AI this week sounded less like a trend and more like a tool
An incredible story went viral in the artificial intelligence sector: a user managed to regain access to an old Bitcoin wallet with 5 BTC that had been sitting unused for more than 11 years, and Claude helped him do it. There was no cyber hack involved; AI simply suggested how to find the lost backup file on an old laptop, while the owner already had the password. The story took off as a strong example of when a neural network brings real value in solving a practical life task.
Meanwhile, the creators of Claude at Anthropic released research on new methods for training models, where the focus is not on mechanical correct answers, but on ethical reasoning. The company honestly admits that full control over AI behavior still does not exist, but it is trying to minimize the risks of manipulation or user disorientation.
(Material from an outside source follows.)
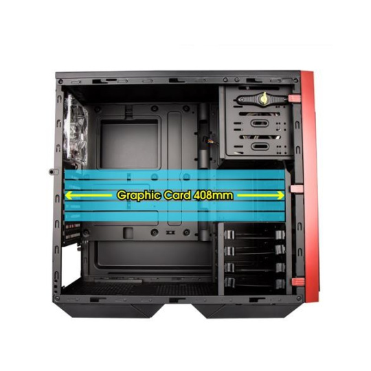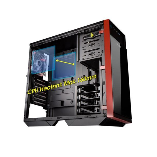 Vnútro skrine má dostatok priestoru na rozšírenie a pojme niekoľko špičkových grafických kariet s maximálnou dĺžkou 408 mm alebo chladič procesora do 170 mm. Dôležitou vlastnosťou je aj dostatočne veľký priestor na usporiadanie a vedenie káblov. V spodnej časti skrine je potom vhodne umiestnený odnímateľný prachový filter, ktorý zakrýva spodný ventilačný otvor.

Ukraine also had AI news: the Ministry of Digital Transformation launched Diia.AI. It is a smart chat assistant directly inside the app that will help Ukrainians instantly find the services they need and suggest what steps to take next.
How memecoins showed again that the market can quickly lose its footing
A classic example of crypto madness: the X account of the well-known trader Roaring Kitty posted the address of a new token. The coin immediately shot into the sky, but as soon as the post was deleted, the asset lost more than 90% of its value. According to Lookonchain, the token developer managed to quickly skim the cream and earned around 6260 SOL. The project’s capitalization inflated to $12.2 million in less than half an hour and then collapsed just as quickly to almost zero.
This is clear proof that the market can switch into wild speculation mode at any moment, where a single hint or tweet launches hype out of nowhere. Usually, stories like this are the first warning sign that the crowd is losing financial discipline again. Usually, stories like this are the first warning sign that the crowd is losing financial discipline again.
Kursoff’s view
Bitcoin still maintains a fairly adequate and constructive structure, Ethereum is slowly collecting strong fundamental arguments, and altcoins are making their first cautious attempts to revive. However, US inflation acts like a cold shower for risk appetite, regulators are twisting the rules in different directions, traditional financial giants are beginning to openly attack new crypto platforms, and memecoins are once again pulling in a lot of speculative liquidity. Interesting weeks are ahead, so we are keeping our finger on the pulse.